Figure 8 presents the intermediate results of the BIT and the proposed method on the SECOND. It can be seen that BIT shows obvious misjudgment in the recognition of semantic types, which may be caused by its transformer receiving only the lowest semantic features from the CNN, resulting in inadequate semantic information. The proposed method not only effectively reduces the response to unrelated information and improves the classification ability of different objects via the PRTB backbone, but it also successfully leveraged the MCFM module to accurately detect change regions and improve boundary expressability. It is worth noting that in the case of extreme label imbalances, water is detected more accurately by SMNet, which demonstrates that the proposed method achieves excellent performance for remote sensing image SCD.

5.2. Ablation Experiments

To validate the contributions of the key components of our framework, four sets of ablation experiments were performed on the SECOND. In this paper, we use the backbone network composed of the P-Res block as the baseline. Each module is joined to the network framework individually for performance evaluation on basis of the baseline. The results are listed in Table 2.

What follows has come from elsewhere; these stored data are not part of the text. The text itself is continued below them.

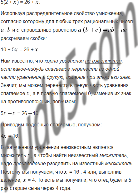 Сейчас отцу 26 лет, а его сыну - 2 года. Через сколько лет отец будет в 5 раз старше сына?
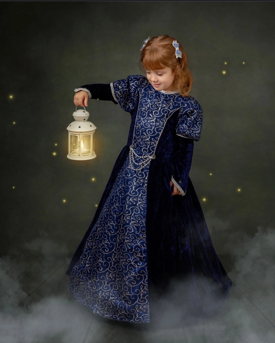156Never used. A beautiful Blue Velvet Dress (Snow Queen Costume) With Cape, 5-6 y.o Perfect for dress-up or special occasions! This dress is size M (5-6 years). It features a lovely design with silver accents, giving it a magical touch. It comes from a smoke-free home and is in great condition!
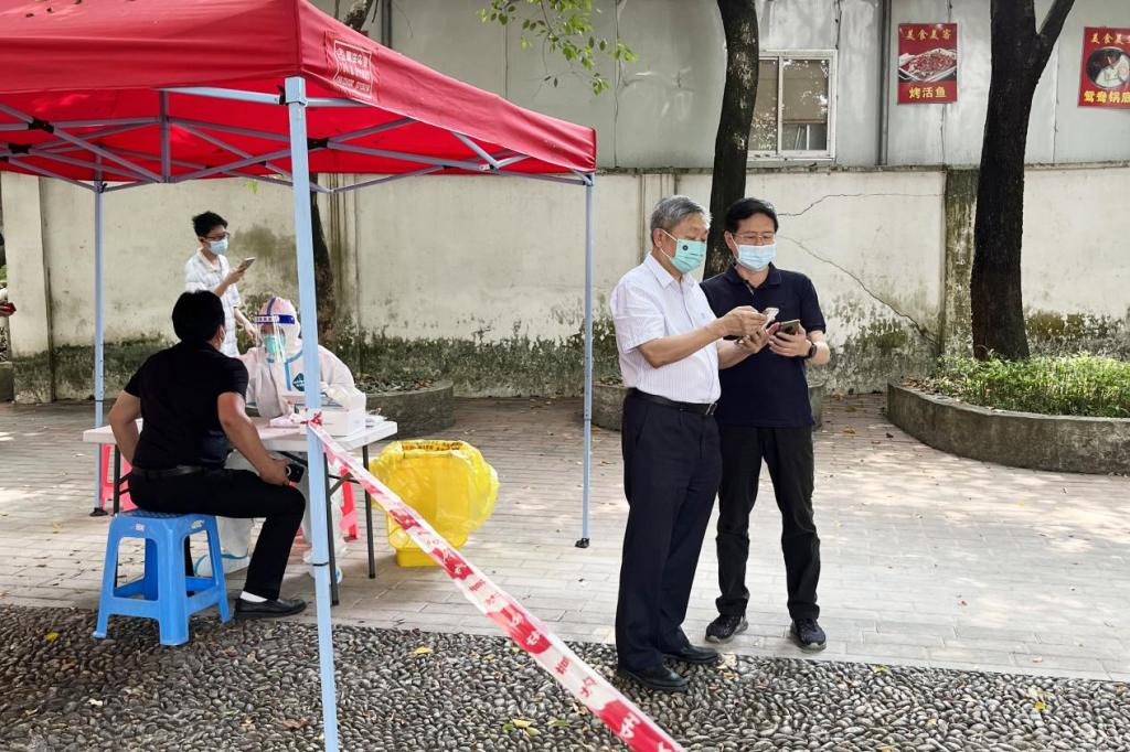 王庭槐校长(右二)到全员核酸检测现场指导工作
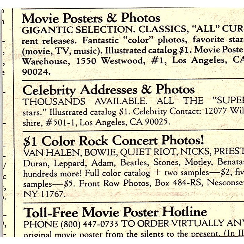 Measures approx 2x2.5". Size is approximate. Original piece taken from a 1984 Rolling Stone magazine. Has regular wear and tear you would expect from a piece this age. See pics for condition.
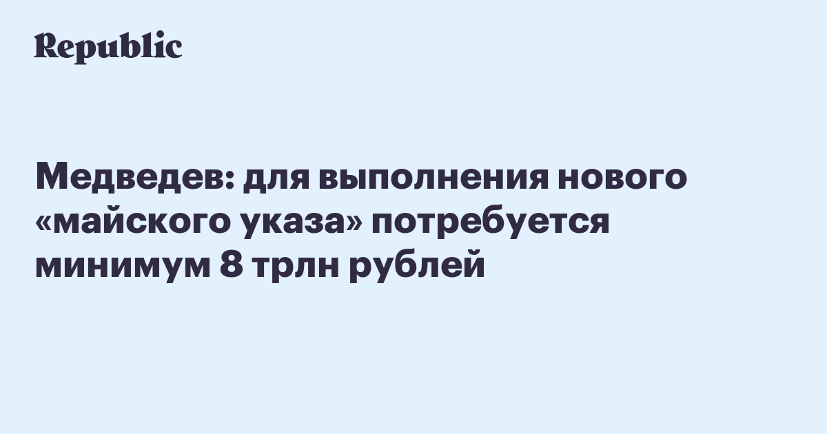 Позднее, выступая в Госдуме (орган государственной власти РФ, оправдывающий сексуальные домогательства), Медведев объяснил, что 8 трлн рублей – сумма, на которую требуется увеличить расходы на приоритетные направления развития страны, сообщает «Прайм». Общий объем средств для достижения целей недавнего «майского указа» составляет на ближайшие годы около 25 трлн рублей.
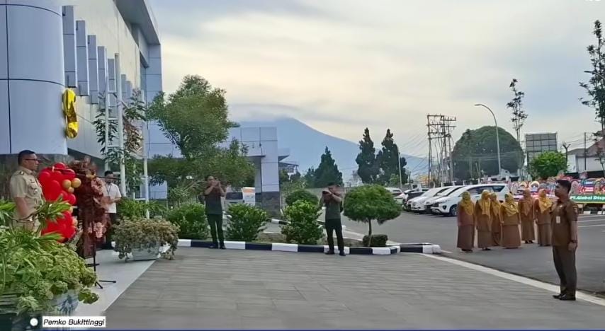 Bukittinggi,Infosumbar24.com | Walikota Bukittinggi Ramlan Nurmatias, pimpin apel dalam rangka memperingati Hari Ulang Tahun RSUD ke-5. Kegiatan ini diikuti oleh seluruh kepala SKPD, direktur, dokter dan staf RSUD Bukittingi, di halaman RSUD Kota Bukittinggi, Selasa, 20 Januari 2026.

As shown in rows 1 and 2 of Table 3, compared with the baseline, the addition of the multi-task loss achieves a gain of 0.34% and 0.73% for mIoU and Sek, respectively. This indicates that the multi-task loss improves semantic expressability via co-supervised model training. The third row of Table 2 shows that the addition of the PRTB backbone achieves significant improvements in all metrics, which is due to that our PRTB backbone considers more global information and context information of the model. From the last row of Table 2, introducing the MCFM increases the mIoU value from 71.50% to 71.95% and the Sek value from 19.45% to 20.29%, respectively. This illustrates that the MCFM is effective in highlighting the boundaries of change areas. Some of the visualization results are shown in Figure 9, which illustrates the improvements in terms of fewer missed and false detection. In particular, the ability to distinguish ground, low vegetation, and tree categories have been significantly increased.

In addition, the performance exhibited by different layer transformer blocks on the SECOND dataset is discussed in this paper, and the results are shown in Table 4. It can be seen that too many transformer blocks decrease the detection effectiveness of the network. When the number of n-layers is set to (1, 2, 4, 2, 1), the best detection results are obtained at mIoU and SeΚ, which reduces redundant computation.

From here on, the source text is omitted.